Dominique had also been strongly critical of United States policy towards Haïti, the Aristide government and, towards the end of his life, the role of Dany Toussaint within Aristide’s political party Fanmi Lavalas Party (which had evolved out of the original Lavalas Party).
“I know that he [Dany Toussaint] has weapons. I know that he has the money to pay and arm his followers. Here, I have no other weapon than my journalist’s pen. And [with it] my microphone and my unquenchable faith as a militant for true change. And let me be perfectly clear, I will not turn over to any freeloader in the world a monopoly over Lavalas, no matter who it is!”
On April 3, 2000, Dominique was shot four times in the chest as he arrived for work at Radio Haïti. The station’s security guard was also killed in the attack. President René Préval ordered three days of official mourning, and 16,000 people attended his funeral at a sports stadium.

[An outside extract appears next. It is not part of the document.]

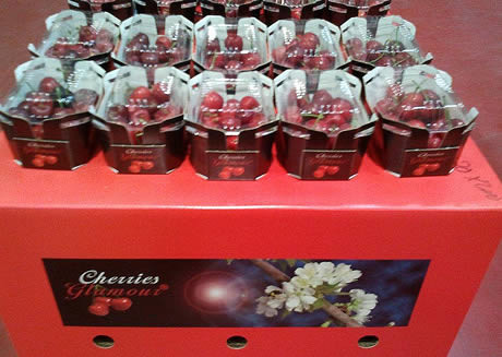 "Het product ziet er goed uit en de kersen zijn op een aantrekkelijke en unieke manier verpakt. Ze worden vermarkt onder het merk Glamour", vervolgt hij. "Onze klanten keken al uit naar het zomerfruit en gisteren konden ze hiermee kennismaken." Stijn geeft aan dat de kersen worden geteeld in verwarmde kassen. "De weersomstandigheden zijn op dit moment veelbelovend. Zo kunnen we het tijdens het seizoen dag na dag een kwalitatief hoogwaardig product aanbieden."
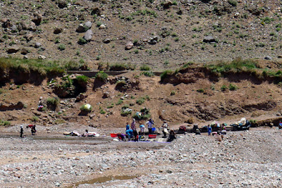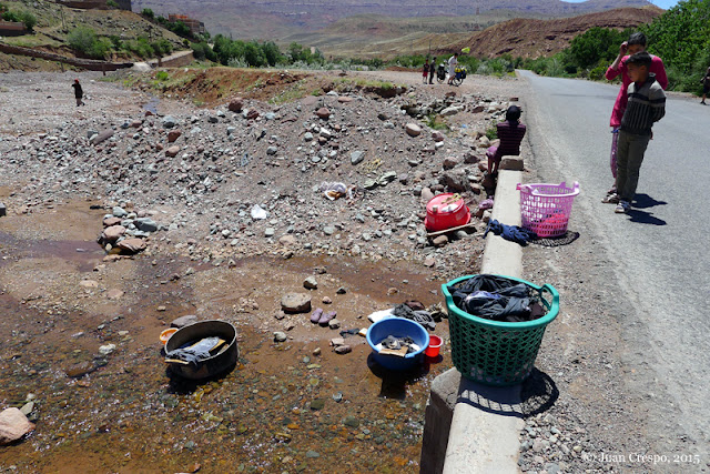 Durante la bajada hago algunas fotos del paisaje, impresionante. Unos kilómetros antes de llegar a Agouim veo a dos grupos de mujeres lavando en el río y, como es normal, paro para hacer unas fotos. Al

There have been numerous inconsistencies in the investigations into the murder, including the mysterious death of a suspect. Pharval Laboratories and Senator Toussaint came under suspicion as a result of the murder. Toussaint was the prime suspect. While the Pharval somewhat cooperated with the inquiries, Toussaint claimed parliamentary immunity and refused to testify. The first investigating judge, Claudy Gassant, fled to the United States after suggesting that Toussaint be charged over the murder. Despite this, Gassant’s superiors decided that no charges would be laid. Under increasing international pressure, the Aristide government arrested three alleged gunmen Ti Lou, Guimy and Markington, but they were never charged. These three men all mysteriously escaped under the U.S. installed government of Gerald Latortue.